◆ AIM OF THE TASK
Among the lines below, tally those that hold "средства". Return the number and nothing more.

◆ Stored dataset items
══════════

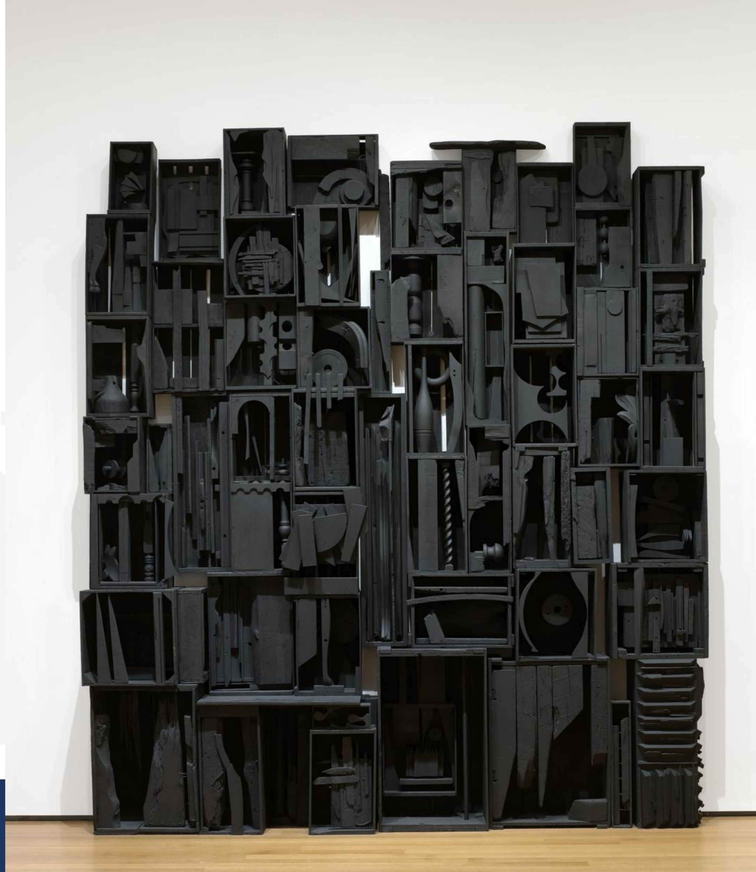
Louise Nevelson La cattedrale del cielo, 1958
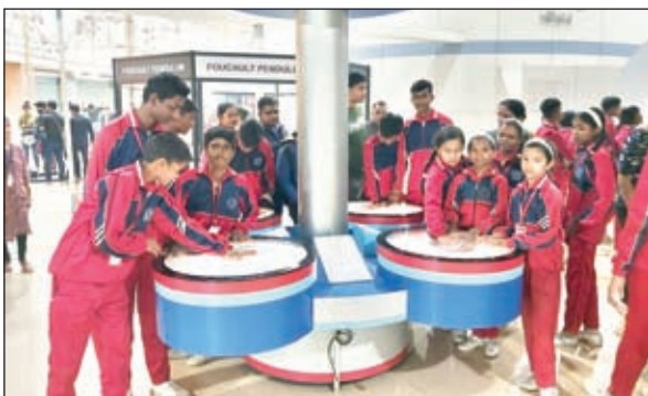
शैक्षणिक भ्रमण के दौरान आइलेक्स के विद्यार्थी ।

बरही। पंचमाघव स्थित आइलेक्स पब्लिक स्कूल के विद्यार्थियों छुट्टियों के दौरान शैक्षणिक भ्रमण पर कोलकाता जैसे महानगर की स्थिति से अवगत हुए। बताते चलें कि आइलेक्स पब्लिक स्कूल में बच्चों के लिए छुट्टियों के दौरान कई ऐतिहासिक जगहों पर शैक्षणिक भ्रमण का आयोजन किया है। जिसके प्रथम चरण में बच्चे राजगीर नालंदा जाकर वहां के भौगोलिक व ऐतिहासिक स्थिति से अवगत किया गया। दूसरे चरण में बच्चों को कोलकाता ले जाया गया विद्यालय में अध्ययनरत 45 बच्चों की टीम
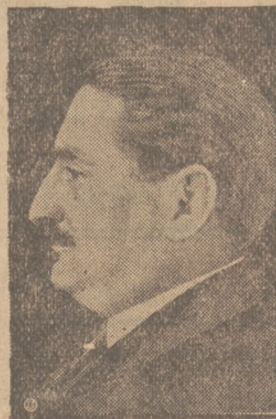
Eynac, min. lotnictwa franc.

Dopiero katastrofalna śmierć samego Bokanowskiego spowodowała rząd francuski do rozdzielenia tych dwóch resortów. Rada ministrów uchwaliła utworzyć osobne ministerstwo dla lotnictwa z odpowiedzialnym szefem w osobie ministra awiatyki. Prezes rady ministrów Poincaré powołał na szefa ministerstwa lotnictwa specjalistę w sprawach awiatyki p. Eynac'a, którego zadaniem będzie zreorganizować lotnictwo francuskie.
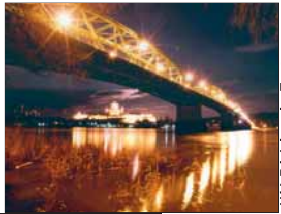
Híd Párkány és Esztergom között

Itt a Duna országhatár. Párkány Szlovákiáé, Esztergom Magyarországé. Közük a híd 50 éven át kettőbe törve zárta el egymástól a két partot. Ma újjáépítve fénylik, és kapcsol össze ismét.
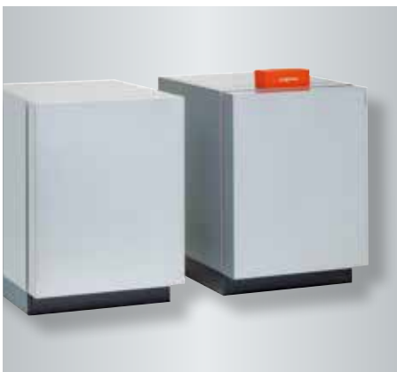
Tweetraps Vitocal 300-G als grond/water- of water/water-warmtepomp
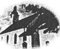
Kościół . Mikołaja
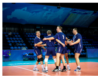
После забитого мяча. Сборная АСУИМ

ли с интригой и азартом. Команды-призеры имели равные шансы на победу, так как в составе каждой из них играли заводские спортсмены
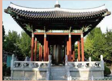
▲ 용두산공원 (YONGDUSAN PARK)
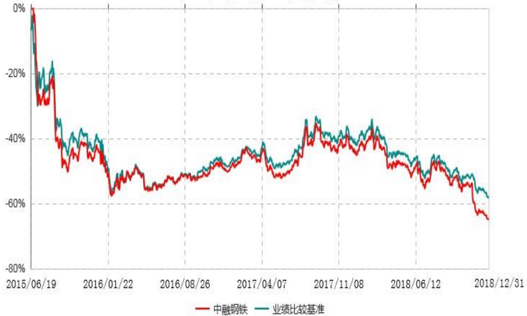
中融国证钢铁行业指数分级证券投资基金累计净值增长率与业绩比较基准收益率历史走势对比图 (2015年06月19日-2018年12月31日)

注：按照基金合同和招募说明书的约定，本基金自合同生效日起6个月内为建仓期，建仓期结束时本基金的各项资产配置比例符合基金合同的有关约定。
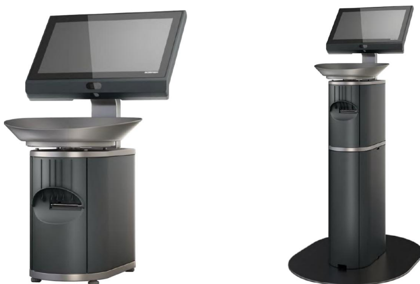
Рисунок 1 - Внешний вид средства измерений (слева настольная версия, справа версия, размещенная на стойке)

Общий вид средства измерений представлен на рисунке 1.
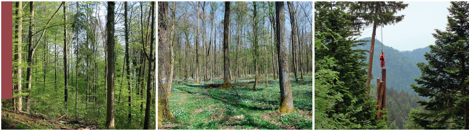
Abb 1 Vielfältige Zürcher Wälder. Links: Buchen-Laubmischwald am Zürichsee, Mitte: Unterländer Eichenmischwald, rechts: Buchen-Tannen-Wald im Zürcher Oberland.
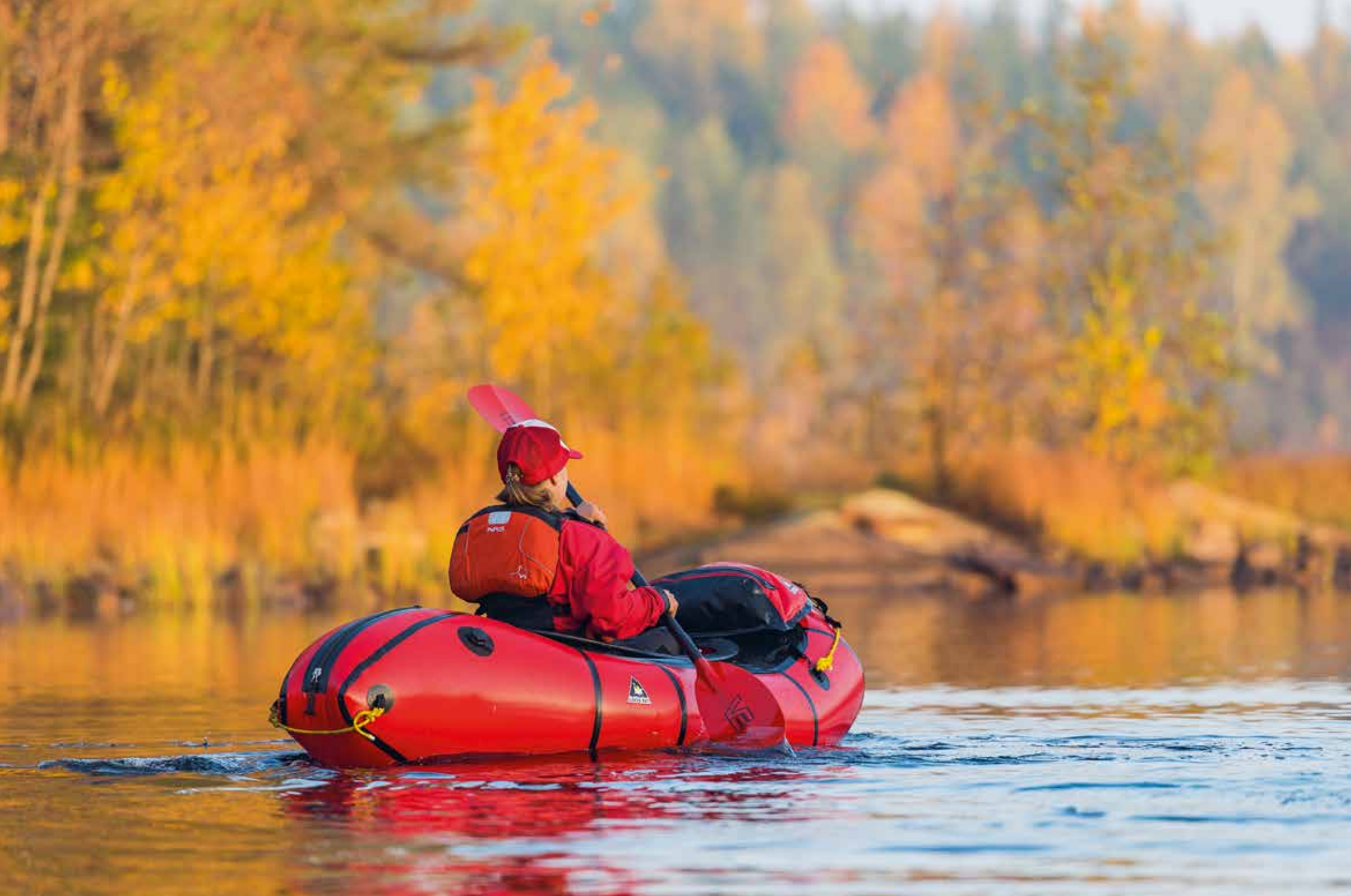
Matildanjärvi, Tykö nationalpark, Salo. Ut och paddla. "Vi var på packraft-utfärd. Det var ett mycket varmt veckoslut med tanke på årstiden, och höstfärgerna var imponerande."

══════════

◆ TASK ANSWER
2